Saturday, June 10, 2017
President Trump wanted Americans to focus on his plans to improve the nation’s infrastructure, but former FBI Director James Comey stole the show in Washington this week.
Comey testified on Thursday before a Senate panel about his interactions with President Trump, who recently fired him. Voters put slightly more trust in Comey than they do the president.
Voters aren’t overly impressed with Comey’s performance as FBI director, but just over half disagree with the president’s decision to fire him.
Voters are almost evenly divided over whether the questions raised about Comey’s firing are due mostly to concern that the law may have been broken or are just partisan politics.
Great Britain suffered another attack at the hands of the radical Islamic State (ISIS) in London last weekend, just days after the terrorist organization claimed credit for the massacre at a concert in Manchester. Most Americans think it’s likely a terrorist attack comparable to the Manchester bombing will happen in the United States, but they're not afraid to attend big events.
The latest attack in London is the topic of this week’s Rasmussen Minute.
President Trump took the London attack as another opportunity to stress the importance of the travel ban on Muslim-majority countries. Half of voters still favor the president’s temporary travel ban and see it as an anti-terrorist measure, not religious discrimination. Voters also think the U.S. Supreme Court is likely to uphold the ban.
Trump recently pulled the United States out of the Paris climate agreement in part because of his concern about its potential impact on the U.S. economy. Voters tend to agree the accord would have led to increased energy costs, and most remain unwilling to pay much, if anything, more to fight global warming.
Confidence in race relations in America remains down, and there isn’t much hope for the future.
Thirty-nine percent (39%) of all Americans believe we talk about race too much, while 33% say Americans don't talk about it enough. Black adults are more likely than others to say Americans need to talk more about racial issues.
For the last three months, the overall Consumer Confidence Index has been falling from its three-year high, but June’s four-point jump to 116.7 (the second highest rating in this index’s history) suggests there’s hope on the horizon.
In other surveys this week:
-- Trump is the first U.S. president to hand out his personal cellphone number to several other world leaders, but most voters don’t think he should break from the norm.
-- Thirty-three percent (33%) of voters think the country is heading in the right direction for the week ending June 1.

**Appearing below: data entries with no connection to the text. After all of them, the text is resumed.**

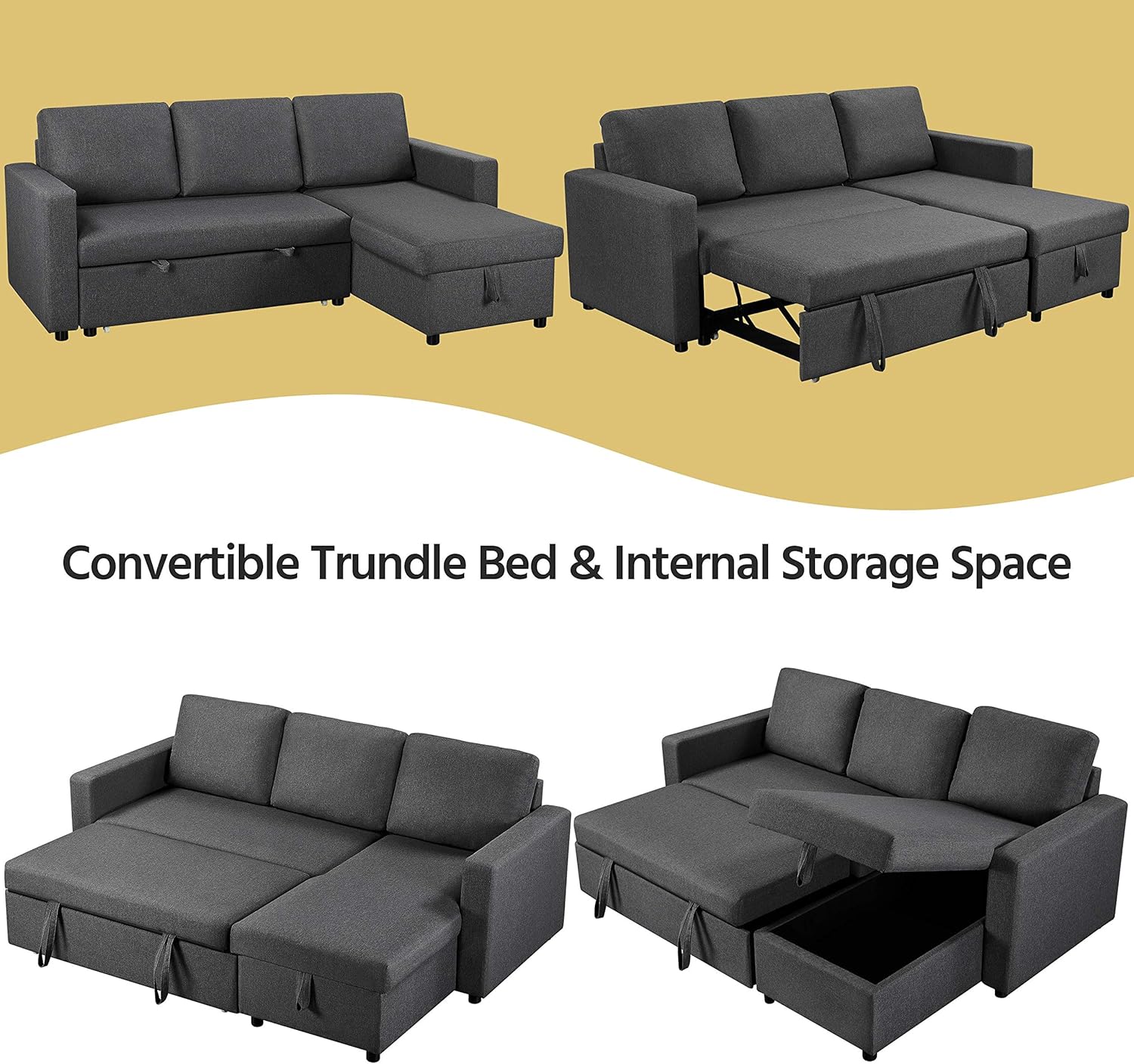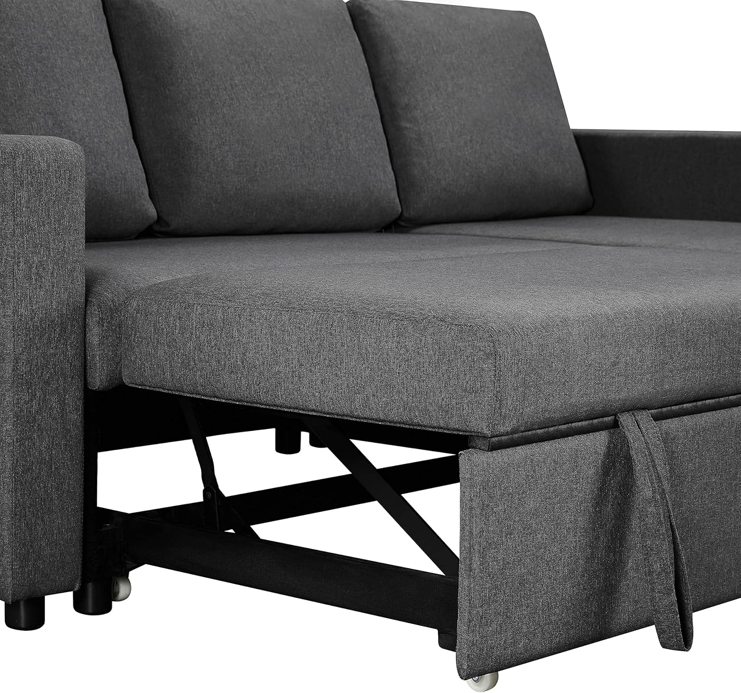 【Convertible Trundle Bed】 The trundle sleeper mechanism hidden under the loveseat helps the bed easily pop up to a comfy double/full bed for two sleepers. The two straps and bottom wheels make for fluent and effortless operation.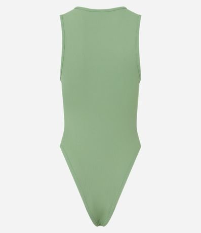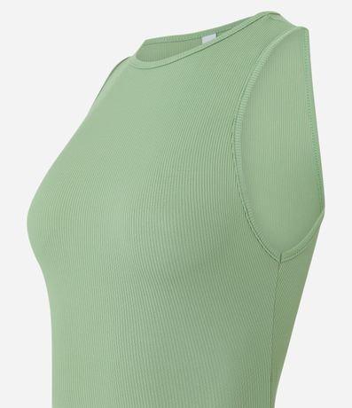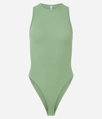 Body feminino sem mangas, confeccionado em malha ribana de poliamida geladinha, com decote redondo e abertura entrepernas.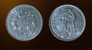 Moneda conmemorativa de la República Francesa. - Diseño detallado de la figura de Marianne. - Inscripción République Française en el borde.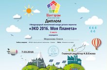 с победой в IМеждународном конкурсе детского творчества «ЭКО 2016. Моя планета».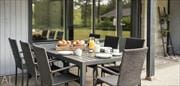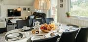 Draußen öffnet sich ein fantastisches Grundstück – umrahmt von hohen Bäumen, die natürlichen Windschutz bieten und ein wunderbares Gefühl von Ruhe und Privatsphäre vermitteln. Hier ist reichlich Platz für Ballspiele, Sonnenbaden oder stille Momente mit einem guten Buch. Die Kinder werden den schönen Spielturm mit Schaukeln und Rutsche lieben, auf dem sich schnell die besten Urlaubsspiele entwickeln. Die Terrasse schlängelt sich um das Haus und bietet sowohl offene als auch überdachte Bereiche – so findest du je nach Wetterlage und Stimmung immer einen Platz in der Sonne, im Schatten oder im Windschutz. Starte den Tag mit einem Kaffee im Freien, entspanne mittags auf der Liege und versammle die ganze Familie zum Grillen, wenn die Dämmerung hereinbricht. Bei jedem Wetter findet sich ein perfekter Platz auf der Terrasse.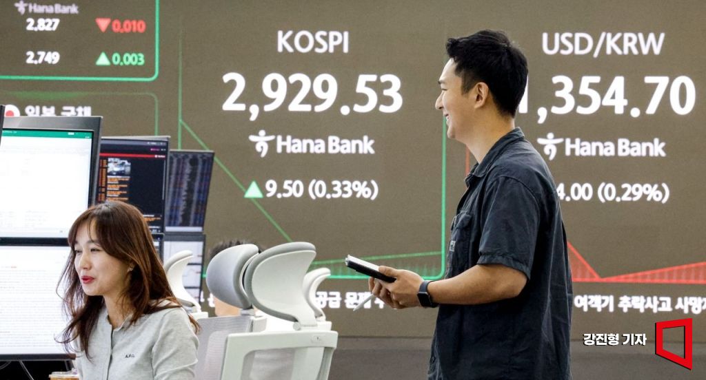코스피가 8거래일 연속 상승세를 이어가고 있는 13일 서울 중구 하나은행 본점 딜링룸에서 딜러들이 업무를 보고 있다.
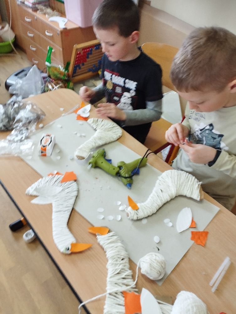 V pátek 20.3.2026 děti vyráběly  jarní dekoraci. Samotné vystřihnutí husy z kartonu a omotání kartonu bílou vlnou bylo pro některé děti velice náročné. Všechny děti se úkolu zdárně zhostily. Husičky teď budou spolu s jarními kvítky přivolávat dlouho očekávané jaro.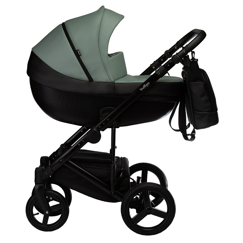 Детская коляска Indigo Tour Eco 2 в 1 Te03 черная кожа+шалфей кожа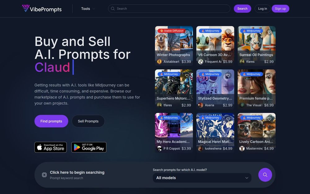VibePrompts 是一个面向创意与实务用户的 A.I. 提示(prompt)交易市场,允许创作者将针对不同模型(例如 Midjourney、Stable Diffusion、GPT、Claude、Gemini 等)的提示上架销售,也允许买家按需购买并直接在自己项目中使用。平台以可视化预览、模型标签和价格体系为基础,提供便捷的浏览、搜索与购买流程,同时支持移动端应用以增强随时调用的便利性。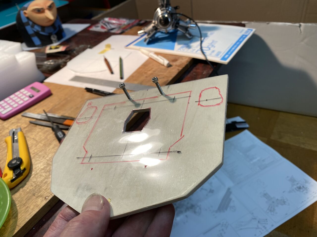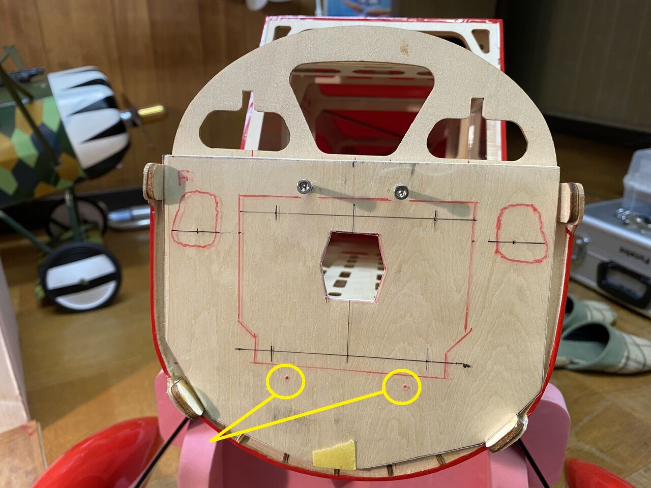 これに見えなくなった本体の情報を写し取ります。穴あけ位置がぴったり合うって寸法。段々先が見えてきたぞ!

-- It’s been a rough few years to be a police officer, with high-profile police shootings and riots dominating the news. But despite the negative press, Americans still value the police.

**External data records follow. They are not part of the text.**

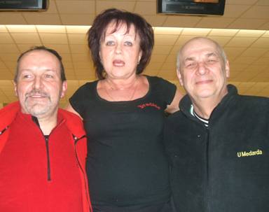 nejvyšší nához a proto je vyfocený na první fotce. Na focení si vzal mikinu s logem svého sponzora. V červeném je na obrázku Milan Veselý, partner ligy a mezi nimi je Jana Nováková, která výkonem 208 bodů měla nejvyšší nához žen. Čtrnáct bodů získal Odchov zvířat a ukázal, jak je nebezpečný. Ne ziskem bodů, to byla určitě náhoda, ale pojetím hry. Po utkání se sparingpartnerem (na volné dráze trénovali šestiligoví Chrousti) se dali do oslavování a já při představě, že Chrousti postoupí, Zvířata spadnou a sejdou se v páté lize, získal další šedivé vlasy. Zvířata ale asi nesestoupí, měla (Petr, Přéma a Petr) nejvyšší průměr družstev. Na šesté místo sestoupili Hujeros. Získali jen osm bodů, ale projevili taktickou vyzrálost. Na utkání bez soupeře postavili Míšu Venclovou. Prohrát se to utkání nedalo a oni získali další jméno do tomboly. Jsem zvědavý, zda jim to bude něco platné. Na páté místo postoupil Slabý odvar, po zisku třinácti bodů. Pátý nejlepší hráč ligy, Libor Čaban, byl tentokrát nejlepší, měl průměr 181,25 bodu. Tým měl třetí a čtvrtý nejvyšší nához družstev. Dračice zůstaly čtvrté, i když získaly jen devět bodů. Radost jim udělala již pochválená Jana Nováková a radost jim určitě udělalo vítězství 4 : 1 na výkon 449 bodů. To se jim podařil ve spolupráci s VoSami. Místo na stupních vítězů, mám na mysli nejnižší stupínek, si udržel i Chaloupka team. Chaloupky v mužské sestavě (Honza, Robert a Petr) vybojovali třináct bodů. To je vzhledem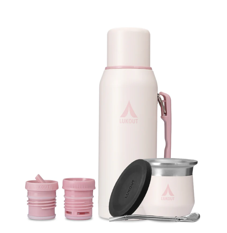 Este kit incluye un termo LUKOUT Pro Handle de 1000 ml, una tapa cebadora y una tapa con boquilla FlowOUT™, un mate de 170 ml, bombilla para mate y una tapa de silicona para el mate. El termo de 1000 ml de LUKOUT es la combinación perfecta de capacidad y rendimiento. Diseñado para los amantes del mate o café y las aventuras al aire libre, mantiene la temperatura tibia hasta 17 horas y fría hasta 34 horas. El mate de 170 ml cuenta con un diseño de doble capa con aislamiento al vacío permite mantener tus líquidos fríos durante 3 horas y tu mate caliente por 30 minutos, ideal para disfrutar en cualquier momento del día. Con un diámetro de 7.5 cm y un peso ligero de 0,2 kg, es fácil de llevar a todas tus aventuras.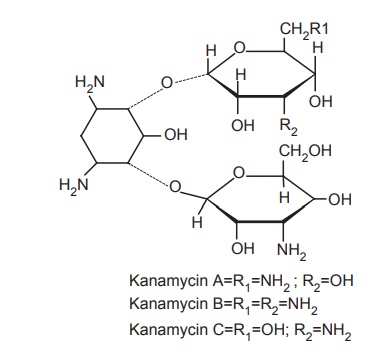 consists of three related structures, that is, Kanamycin A, B, and C. The kanamycins do not possess D-ribose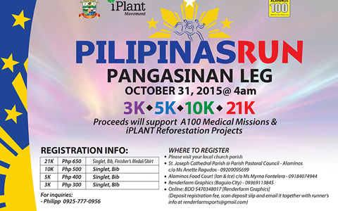 Pilipinas Run Pangasinan Leg is a fundraising event that aims to support A100 Medical Missions & iPLANT Reforestation Projects.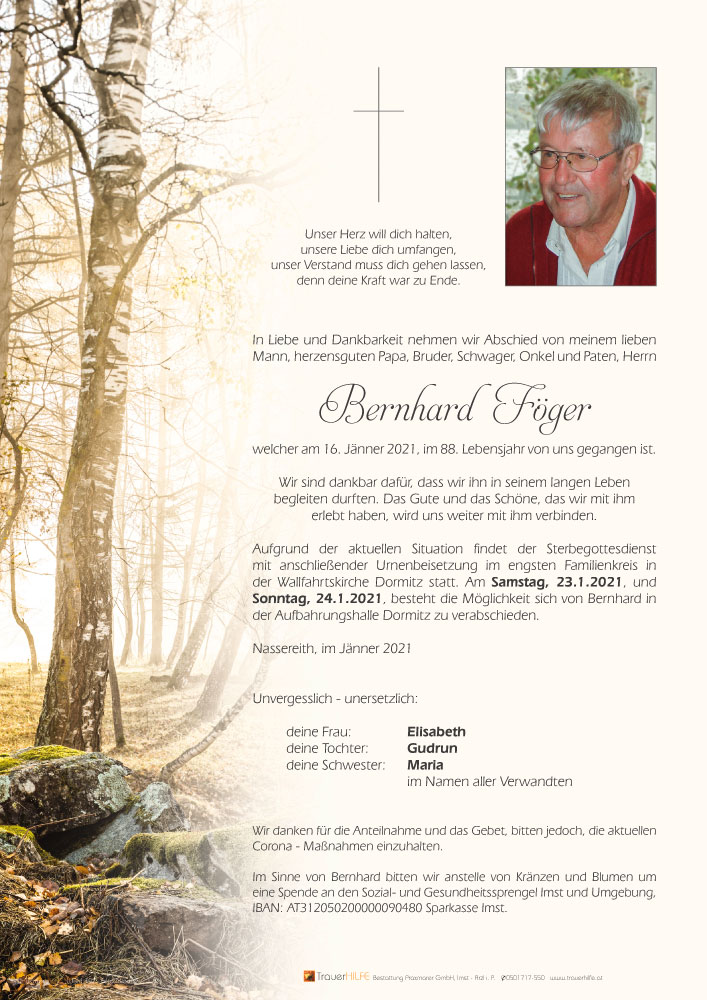 Wir behalten BERNHARD in LIEBER ERINNERUNG!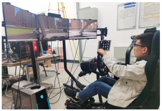 Due to the execution of driving behaviors in the driving process, there will be road traffic safety hazards, so we carried out in the form of driving simulation. Using Up-Coming’s driving simulator and its UC-win/Road simulation software, the test platform was built, as shown in Figure 2. The road type in the test scene is a two-way six-lane urban road with a total length of 10 km. The vehicle runs in the middle lane. The traffic flow on both sides of the target vehicle is set to 260 pcu·h−1. The traffic flow in each lane obeys uniform distribution. The average speed of traffic flow is 50 km·h−1 [24,25].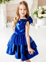 Нарядное синее платье с пышной многослойной юбкой из фатина. Объемные рукава, бант сзади, блестки. Подкладка 100% хлопок. Характеристики:Размеры (рост): 98-134Ткань верха: Сатин - Полиэстер Сетка - ПолиэстерПодкладка 100% хлопокПроизводитель: batik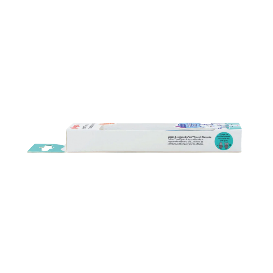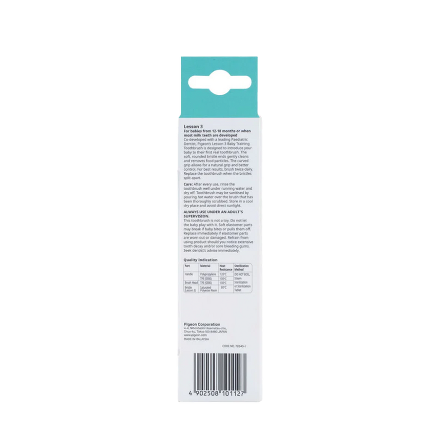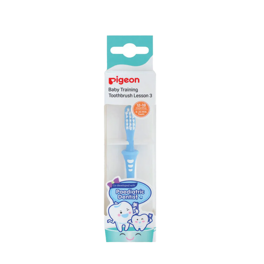 Pigeon Training Toothbrush Lesson 3 helps toddlers aged 12-18 months learn proper brushing. Co-developed with paediatric dentists, its soft rounded bristles and easy-grip handle encourage independent brushing while protecting delicate gums.

-- Apple announced this week that their newest iPhone operating system, iOS 11, will have a “Do Not Disturb for Driving” mode that will stop users from receiving text messages while behind the wheel. Americans already think distracted driving is a big problem and are on board with this new technology.
-- Is there life after death? Americans sure think so.
-- Americans still watch a lot of television, but they’re doing more of it through streaming services these days.
-- Despite living in a digital age, Americans still appreciate time with a good book—and they prefer that book be printed on paper rather than on a touchscreen.